Thank you for the detailed explanation! This makes now.

For all PDFs, I use the input_file and for non PDF and non image, I use the file_search and the code_interpreter tool.

What I will try to do will be to extract the contents myself and send the text content to the API instead of allowing the AI API to process the files

Good luck to you! The more you think about possible applications, the more you will likely want an agent workflow that discovers the user’s intentions and intelligently provides what they need:

  • Are they asking to have an entire PDF summarized
  • Are they wanting a knowledge database to inquire about
  • Are they wanting PDF operated on, “delete the blank pages”
  • Are they smarter than you with new use-case?

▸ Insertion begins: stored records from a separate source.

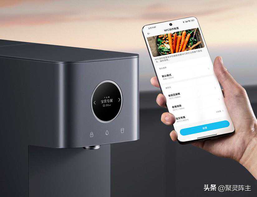 而且如果家里有小宝宝,在宝宝的奶瓶瓶底贴上设置好泡奶温度,水量的NFC贴,每次放上奶瓶直接接水,无需额外操作,宝妈省时又省力。
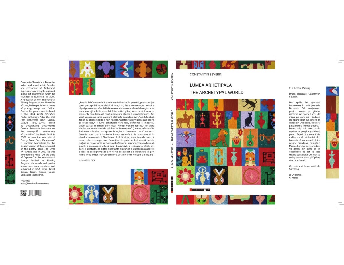 Cea de-a zecea carte de poezie a scriitorului sucevean Constantin Severin, intitulată „Lumea Arhetipală”, a apărut recent la Editura Eikon din București, într-o ediție grafică de excepție și în format bilingv română-engleză. Volumul reunește poeme scrise în ultimii cinci ani și va fi lansat oficial miercuri, 29 aprilie 2026, ora 11:00, la Colegiul Tehnic „Mihai Băcescu” din Fălticeni.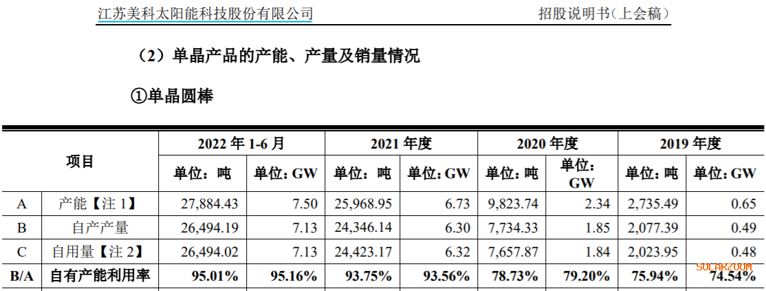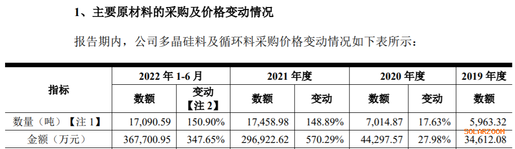 再来看美科股份的生产信息,美科股份的核心产品单晶硅片的上游环节为单晶圆棒,公司所需单晶圆棒大部分为自产,也即采购来多晶硅料和循环料后,借助于单晶炉制造单晶圆棒。根据招股书披露,美科股份的自产单晶圆棒2021年产量为2.43万吨,相当于2020年0.77万吨的三倍以上;但与此同时,2021年采购的多晶硅料和循环料数量却为17458.98吨,仅相当于2020年采购量7014.87吨的2.5倍以下,显著低于同期单晶圆棒产量的增幅。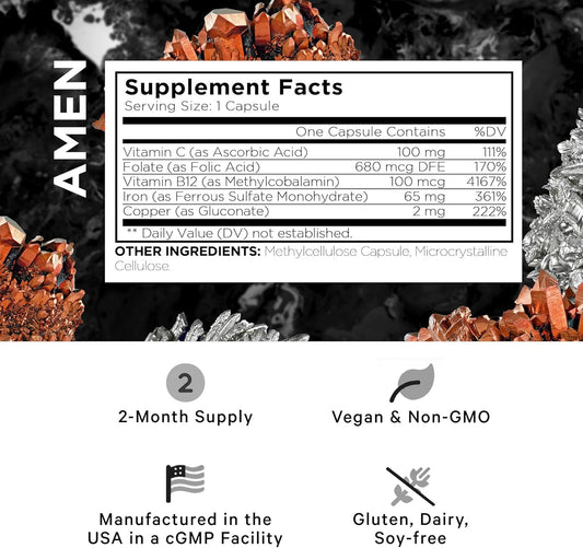 Amen Iron Ultra Supplement + Copper, Folate, Vitamin C and B12-2-Month Supply - Ferrous Sulfate Iron Vitamin - 65mg Per Serving - Folic Acid - Non-GMO Pills - 60 Capsules
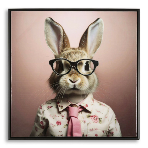 Nyúl nyakkendőben - Falikép modern keretben 62,5x62,5 cm Ez a bájos falikép egy elegáns, nyakkendős nyulat ábrázol, ami vidámságot és egyedi stílust visz otthonába. A kép tökéletes választás modern és rusztikus enteriőrökbe egyaránt. Jellemzők: Mér...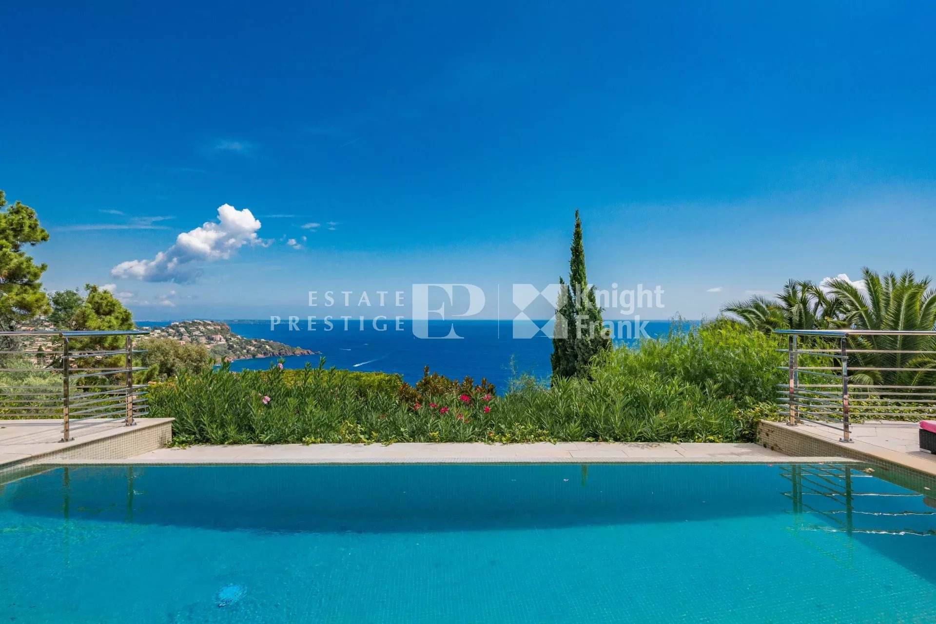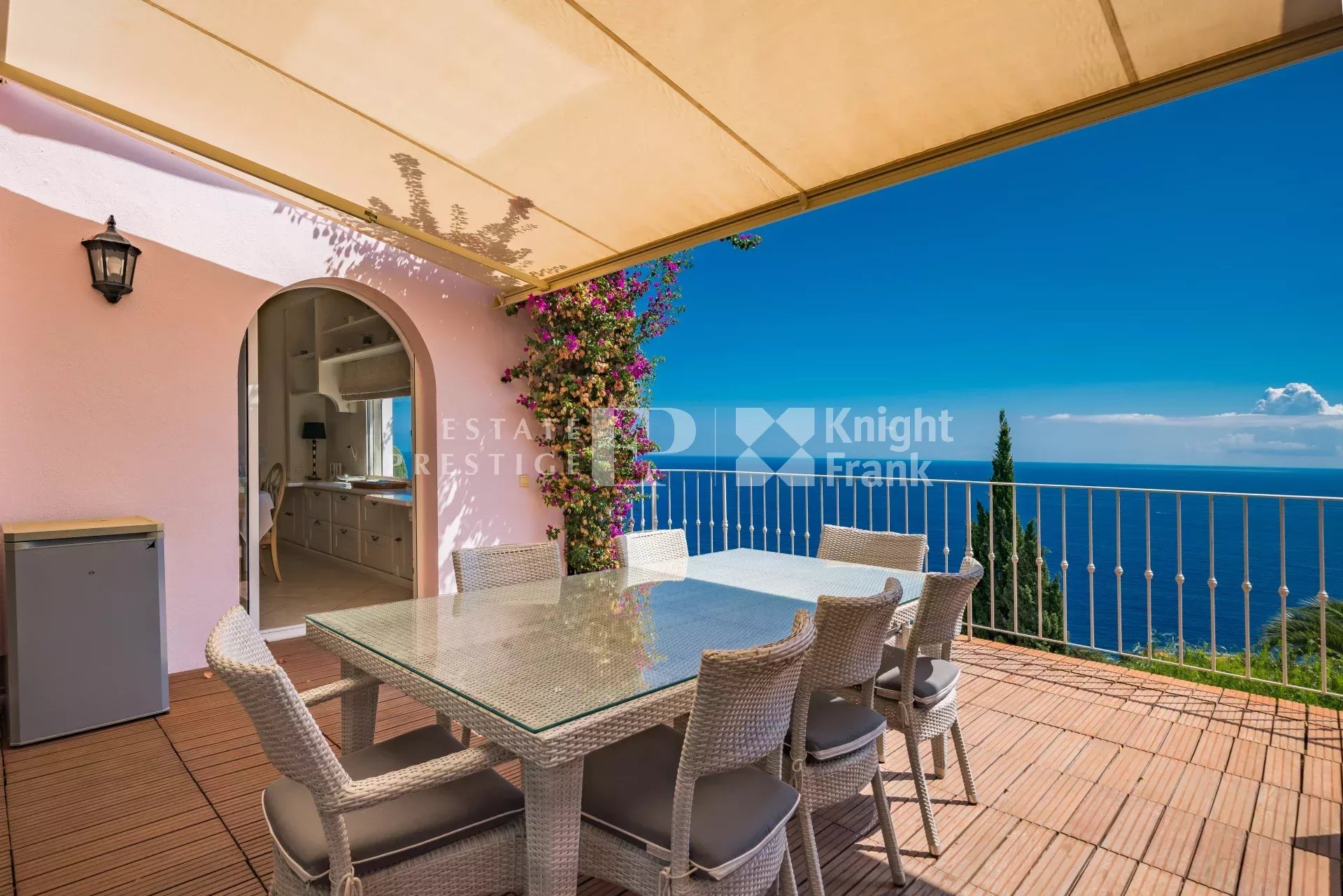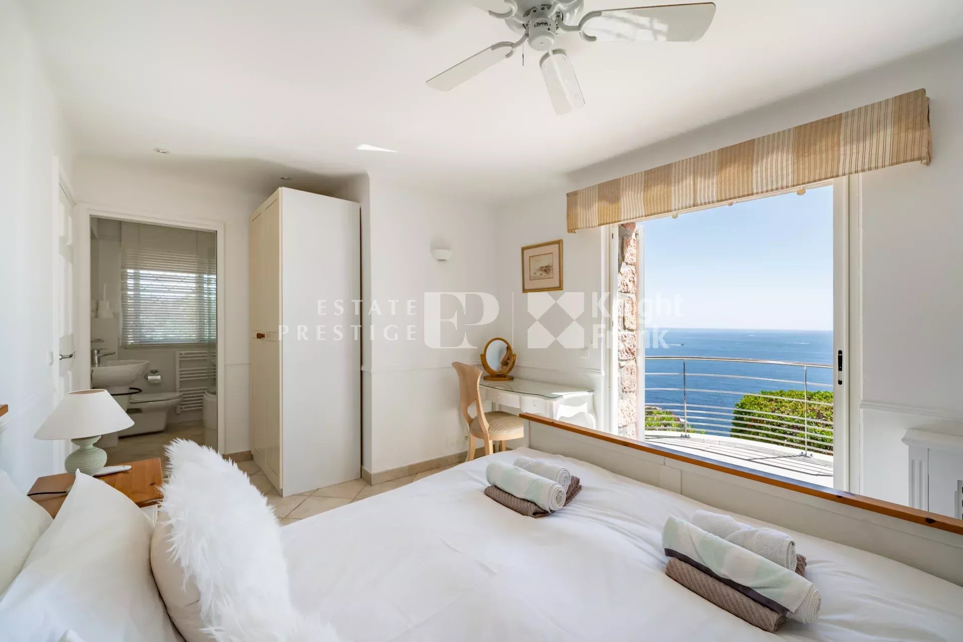 Le salon ouvert, doté d'une cheminée, ainsi que la salle à manger donnnt sur une terrasse spacieuse. La cuisine est entièrement équipée. La chambre principale climatisée a un dressing et une salle de bains attenante. Le niveau de la piscine comprend trois chambres supplémentaires avec vue mer, chacune avec sa salle de bains.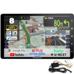 RoadQuest 8インチカーナビは、1280×800のIPSワイドHD液晶を搭載し、2025年版ゼンリン地図を提供。フルセグ、Bluetooth出力、ポータブル機能、アンドロイドナビ、ネット動画、バックカメラ接続対応。12V-24Vに対応しています。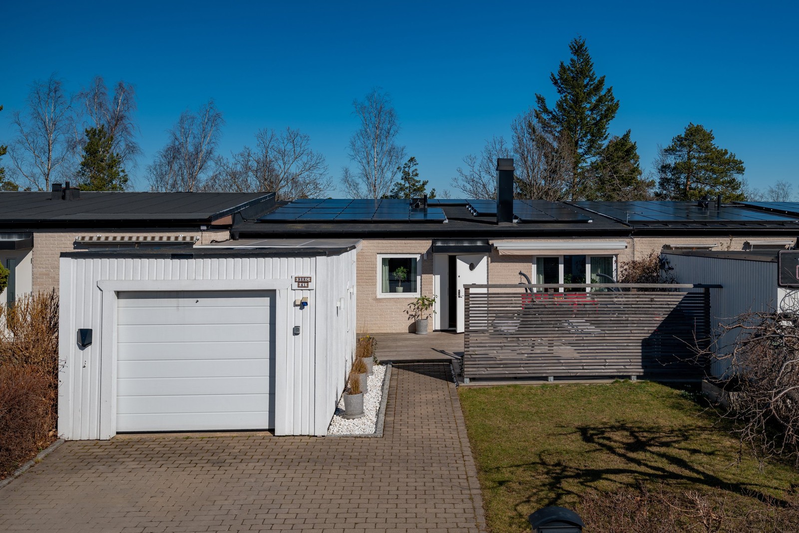 Här finns den stora terrassen – delvis under tak – som ger gott om plats för umgänge, grillkvällar och lata sommardagar. Allt inramat av grönska och skyddat läge.

Then you’d start to think:

  • Should I have independent AI calls to summarize whole documents for later understanding and retrieval?
  • Should I have a UI that starts processing PDFs before a question is even posed?
  • Can I provide a PDF OCR product without even involving AI if that is what is desired?
  • Do I want single turns in a chat history with persistent PDFs as past user messages; should they be stripped out and expired? Should they be on-demand retrieval?

If you want every facet of task possibility done well, and an AI with high attention to the task, you wouldn’t use a generic offering.